THE TASK :: Begin at the line below that has "KCL 한국건설생활환경시험연구원 합격". Stop after the line that has "The FT-5000 2.0 is", repeating each line exactly and leaving out the pictures.

INPUT DATA ::
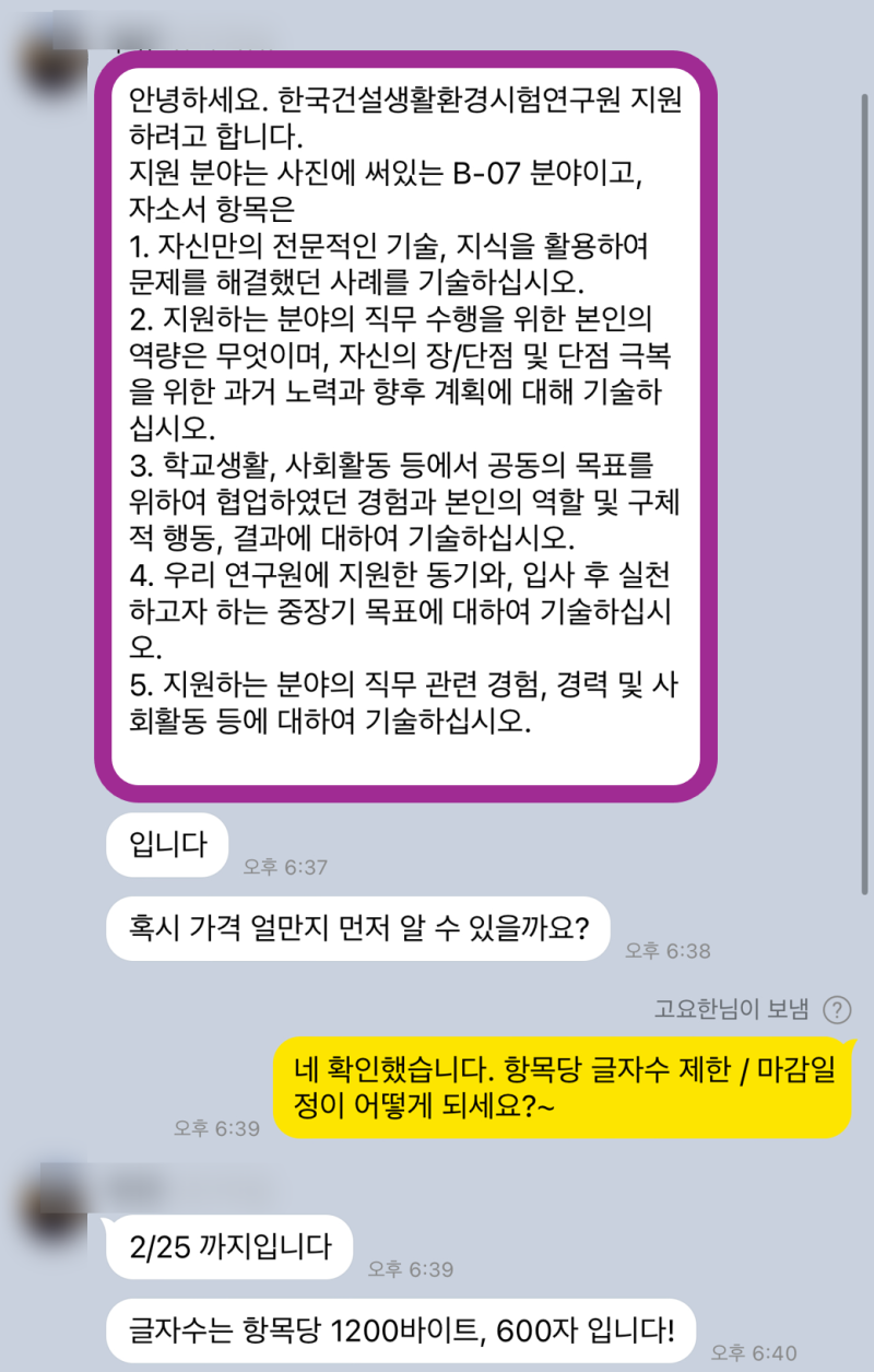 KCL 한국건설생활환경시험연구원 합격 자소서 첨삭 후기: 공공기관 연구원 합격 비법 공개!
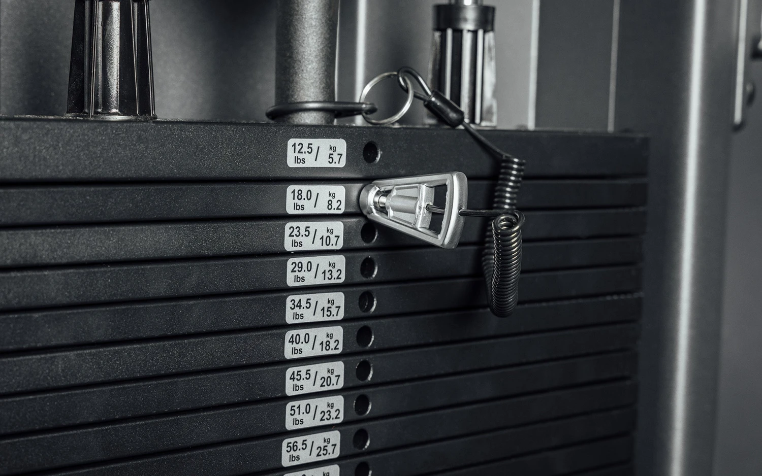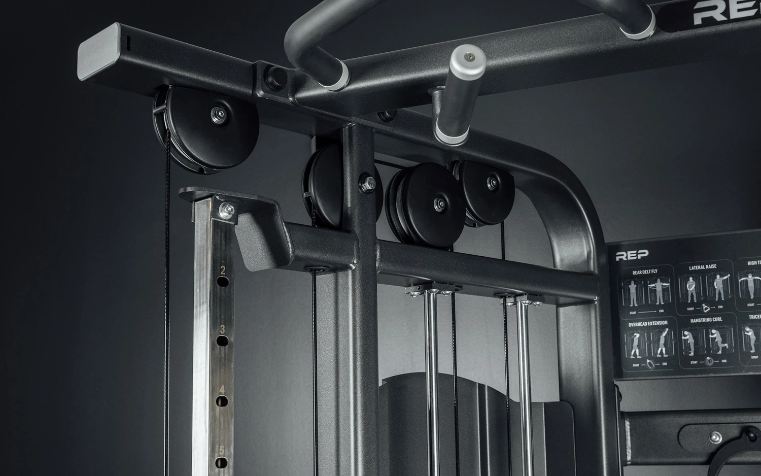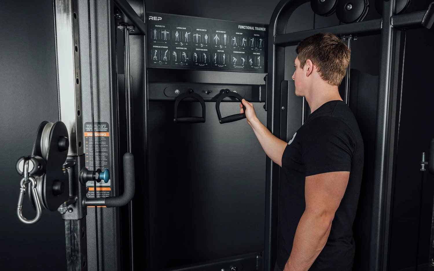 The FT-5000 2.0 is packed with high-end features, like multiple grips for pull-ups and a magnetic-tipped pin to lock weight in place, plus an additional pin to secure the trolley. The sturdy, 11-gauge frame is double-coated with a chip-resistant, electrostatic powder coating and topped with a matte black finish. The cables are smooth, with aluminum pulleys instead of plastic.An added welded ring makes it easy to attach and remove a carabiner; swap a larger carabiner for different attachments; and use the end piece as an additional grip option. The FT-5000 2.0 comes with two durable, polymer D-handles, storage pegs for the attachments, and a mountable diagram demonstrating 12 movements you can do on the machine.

...

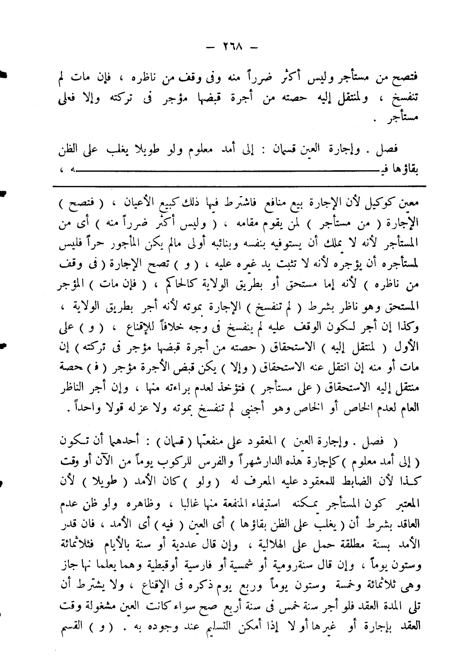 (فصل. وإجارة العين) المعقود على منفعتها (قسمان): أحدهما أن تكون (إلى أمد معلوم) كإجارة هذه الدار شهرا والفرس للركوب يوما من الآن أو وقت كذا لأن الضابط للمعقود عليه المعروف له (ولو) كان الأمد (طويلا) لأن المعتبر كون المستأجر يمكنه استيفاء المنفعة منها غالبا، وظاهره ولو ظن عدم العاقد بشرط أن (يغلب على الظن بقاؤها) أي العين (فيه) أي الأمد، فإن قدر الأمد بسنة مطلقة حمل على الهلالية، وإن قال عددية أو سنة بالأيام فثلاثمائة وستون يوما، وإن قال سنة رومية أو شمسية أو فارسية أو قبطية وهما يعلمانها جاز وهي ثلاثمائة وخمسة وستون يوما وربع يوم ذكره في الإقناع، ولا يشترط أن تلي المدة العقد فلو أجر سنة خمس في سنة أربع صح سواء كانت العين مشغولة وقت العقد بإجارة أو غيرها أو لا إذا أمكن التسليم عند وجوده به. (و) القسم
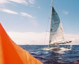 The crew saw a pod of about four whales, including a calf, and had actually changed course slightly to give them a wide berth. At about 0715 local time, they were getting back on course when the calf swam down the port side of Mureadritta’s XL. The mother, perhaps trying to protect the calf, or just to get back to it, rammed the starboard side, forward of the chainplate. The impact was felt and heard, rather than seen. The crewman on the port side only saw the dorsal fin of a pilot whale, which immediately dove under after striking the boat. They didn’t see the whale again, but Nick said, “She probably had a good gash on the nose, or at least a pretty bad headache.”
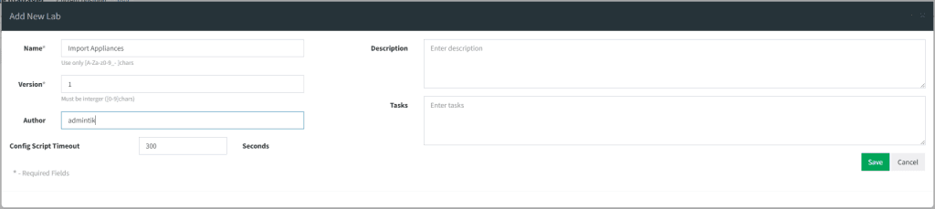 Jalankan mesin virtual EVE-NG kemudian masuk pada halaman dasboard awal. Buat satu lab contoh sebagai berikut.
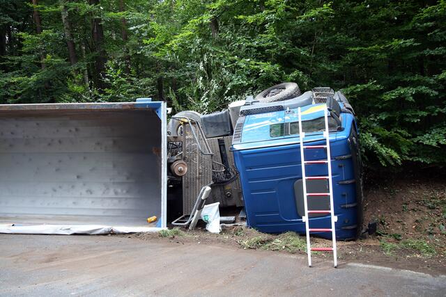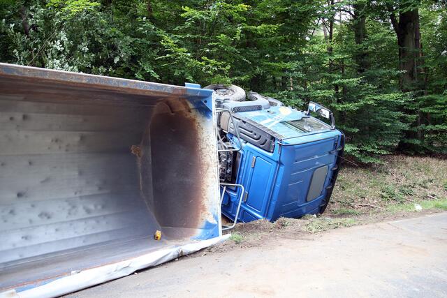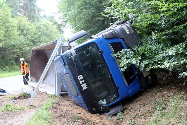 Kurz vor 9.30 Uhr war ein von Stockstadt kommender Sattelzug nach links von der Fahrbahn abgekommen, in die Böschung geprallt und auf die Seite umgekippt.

RESPONSE AREA ::
 KCL 한국건설생활환경시험연구원 합격 자소서 첨삭 후기: 공공기관 연구원 합격 비법 공개!
 The FT-5000 2.0 is packed with high-end features, like multiple grips for pull-ups and a magnetic-tipped pin to lock weight in place, plus an additional pin to secure the trolley. The sturdy, 11-gauge frame is double-coated with a chip-resistant, electrostatic powder coating and topped with a matte black finish. The cables are smooth, with aluminum pulleys instead of plastic.An added welded ring makes it easy to attach and remove a carabiner; swap a larger carabiner for different attachments; and use the end piece as an additional grip option. The FT-5000 2.0 comes with two durable, polymer D-handles, storage pegs for the attachments, and a mountable diagram demonstrating 12 movements you can do on the machine.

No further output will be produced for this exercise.